When the stock market is volatile, and it seems almost impossible to keep track, a good investment option is an index fund. With the uncertainty of the Covid-19 pandemic persisting, index funds can be a way to diversify risks. A well-diversified index fund worth considering is the Principal Nifty 100 Equal Weight Fund.
- 1 What is the Principal Nifty 100 Equal Weight Fund?
- 2 Reasons to Invest in the Principal Nifty 100 Equal Weight Fund
- 3 Conclusion
What is the Principal Nifty 100 Equal Weight Fund?
The Principal Nifty 100 Equal Weight Fund is an index fund that invests in the top100 large-cap companies in India. While it aims to mimic the performance of the Nifty 100 Equal Weight Total Returns Index, the twist it brings is that all companies have equal weightage in the fund. That means that all 100 stocks get about 1% of the fund’s total investable amount. The Principal Nifty 100 Equal Weight Fund aims to provide investors with long-term capital appreciation that is in line with the market index it follows.

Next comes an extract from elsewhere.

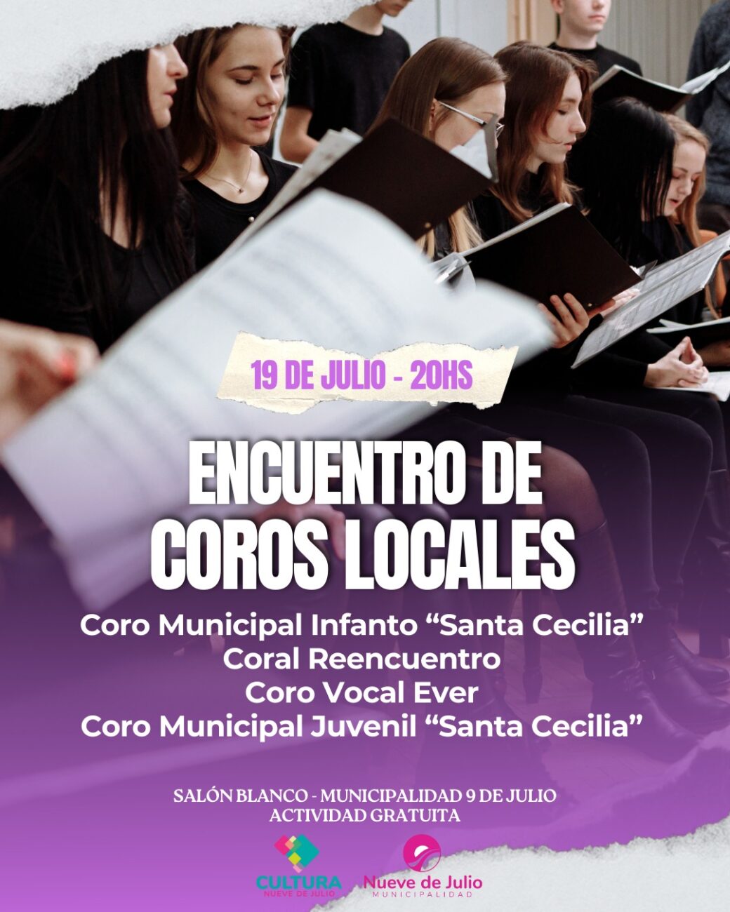Este sábado habrá un encuentro de coros locales en el Salón Blanco. Particparán el Coro Infanto Juvenil Santa Cecilia dirigido por David Maccagnani, Coral Reencuentro, dirigido por Amilcar Bergera y el Coro Vocal Ever, dirigido por Kity Latini.

Reasons to Invest in the Principal Nifty 100 Equal Weight Fund
1Advantage of Large Cap Blue chip Stocks
The Principal Nifty 100 Equal Weight Fund is an index fund that has exposure to the 100 most extensive blue chip stocks in India. Large-cap stocks have a history of solid performance and have more substantial balance sheets less affected by adverse economic activities. In volatile markets, investing in an index fund such as this can protect you from extreme market volatility.
2Benefits of Balanced Diversification
The Nifty 100 index comprises 100 different companies from 17 other sectors. You will get a well-diversified portfolio with a single investment as an investor. The weightage of the stocks will also be equal, with each company getting not more than 1% of the index’s funds. Compared to market-weighted indices, an equal weight index ensures that all companies get the same importance, ensuring that no single company or sector outshines another.
3Lower Concentration Risk
Since every company gets equal weightage in the index, there is a lower concentration risk. If the top companies perform poorly in a weighted index fund, then the index returns dip. In an equal-weighted index such as the Principal Nifty 100 Equal Weight Fund, there is no risk of your returns dipping drastically because a company or a sector has performed poorly. The other companies in the index will absorb the risk.

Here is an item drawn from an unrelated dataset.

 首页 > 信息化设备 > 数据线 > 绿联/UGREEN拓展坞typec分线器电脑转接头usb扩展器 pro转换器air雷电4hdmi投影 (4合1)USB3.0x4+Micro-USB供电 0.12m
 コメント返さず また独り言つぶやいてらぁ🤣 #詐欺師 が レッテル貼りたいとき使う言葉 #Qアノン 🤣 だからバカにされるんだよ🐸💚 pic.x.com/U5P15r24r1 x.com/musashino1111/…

4Combined Advantage of Index and Mutual Funds
The Principal Nifty 100 Equal Weight Fund combines the advantages of an index fund witha mutual fund. An index fund is a relatively low-cost option as there is no need for active fund management. You can monitor the performance of the Nifty 100 index on ICICI Direct’s platform to get an idea of how your Principal Nifty 100 Equal Weight Fundis performing. At the same time, you can invest in it like mutual funds through different routes such as Systematic Investment Plans, Lumpsum investments or Systematic Transfer Plans.

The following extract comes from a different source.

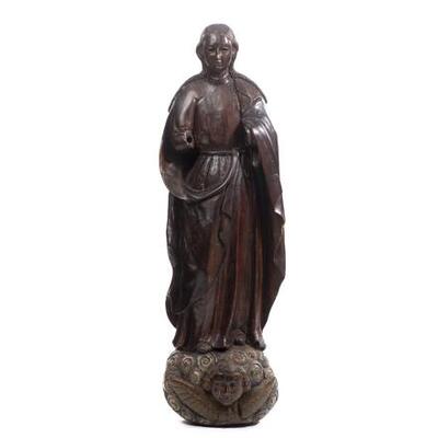 SOLID WOOD SCULPTURE REPRESENTING THE VIRGIN STANDING BAKERS

5Long-Term Wealth Generation
The index has returned approximately 11.9% returns since its inception. If you are looking for long-term wealth generation with minimized risk, investing in an equal weight fund such as the Principal Nifty 100 Equal Weight Fund can be a good strategy.
Suppose you want to invest in the equity markets but do not have enough market knowledge or a risk appetite to stomach volatility. In that case, equal-weighted index funds can be an excellent option to consider. They have many advantages, including diversification, ease of investment and potential for long-term wealth creation.